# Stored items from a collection
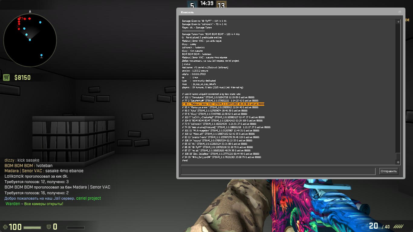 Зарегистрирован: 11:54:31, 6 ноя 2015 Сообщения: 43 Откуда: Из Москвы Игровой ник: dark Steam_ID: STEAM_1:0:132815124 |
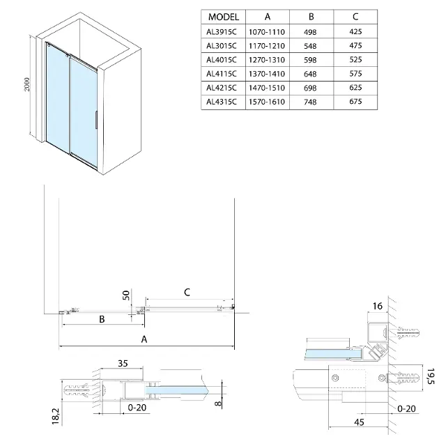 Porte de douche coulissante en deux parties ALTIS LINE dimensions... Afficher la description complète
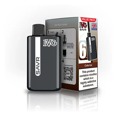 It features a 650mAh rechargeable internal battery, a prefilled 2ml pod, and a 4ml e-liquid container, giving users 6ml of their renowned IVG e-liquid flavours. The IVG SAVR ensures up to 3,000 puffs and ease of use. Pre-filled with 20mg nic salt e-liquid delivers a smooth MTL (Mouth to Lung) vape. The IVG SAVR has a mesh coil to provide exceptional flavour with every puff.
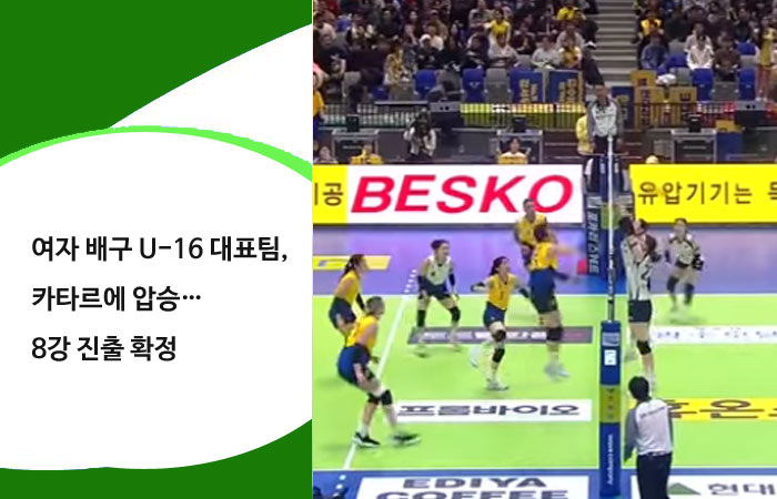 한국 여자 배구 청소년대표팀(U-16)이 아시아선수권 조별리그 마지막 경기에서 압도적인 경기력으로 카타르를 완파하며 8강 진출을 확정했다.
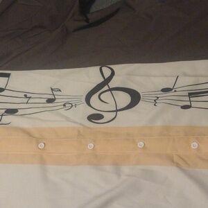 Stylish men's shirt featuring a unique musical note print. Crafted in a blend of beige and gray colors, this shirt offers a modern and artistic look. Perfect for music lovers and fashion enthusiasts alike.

# ACTIVITY
Return all the data above as written, leaving out only the pictures.

# PROBLEM SOLUTION
 Зарегистрирован: 11:54:31, 6 ноя 2015 Сообщения: 43 Откуда: Из Москвы Игровой ник: dark Steam_ID: STEAM_1:0:132815124 |
 Porte de douche coulissante en deux parties ALTIS LINE dimensions... Afficher la description complète
 It features a 650mAh rechargeable internal battery, a prefilled 2ml pod, and a 4ml e-liquid container, giving users 6ml of their renowned IVG e-liquid flavours. The IVG SAVR ensures up to 3,000 puffs and ease of use. Pre-filled with 20mg nic salt e-liquid delivers a smooth MTL (Mouth to Lung) vape. The IVG SAVR has a mesh coil to provide exceptional flavour with every puff.
 한국 여자 배구 청소년대표팀(U-16)이 아시아선수권 조별리그 마지막 경기에서 압도적인 경기력으로 카타르를 완파하며 8강 진출을 확정했다.
 Stylish men's shirt featuring a unique musical note print. Crafted in a blend of beige and gray colors, this shirt offers a modern and artistic look. Perfect for music lovers and fashion enthusiasts alike.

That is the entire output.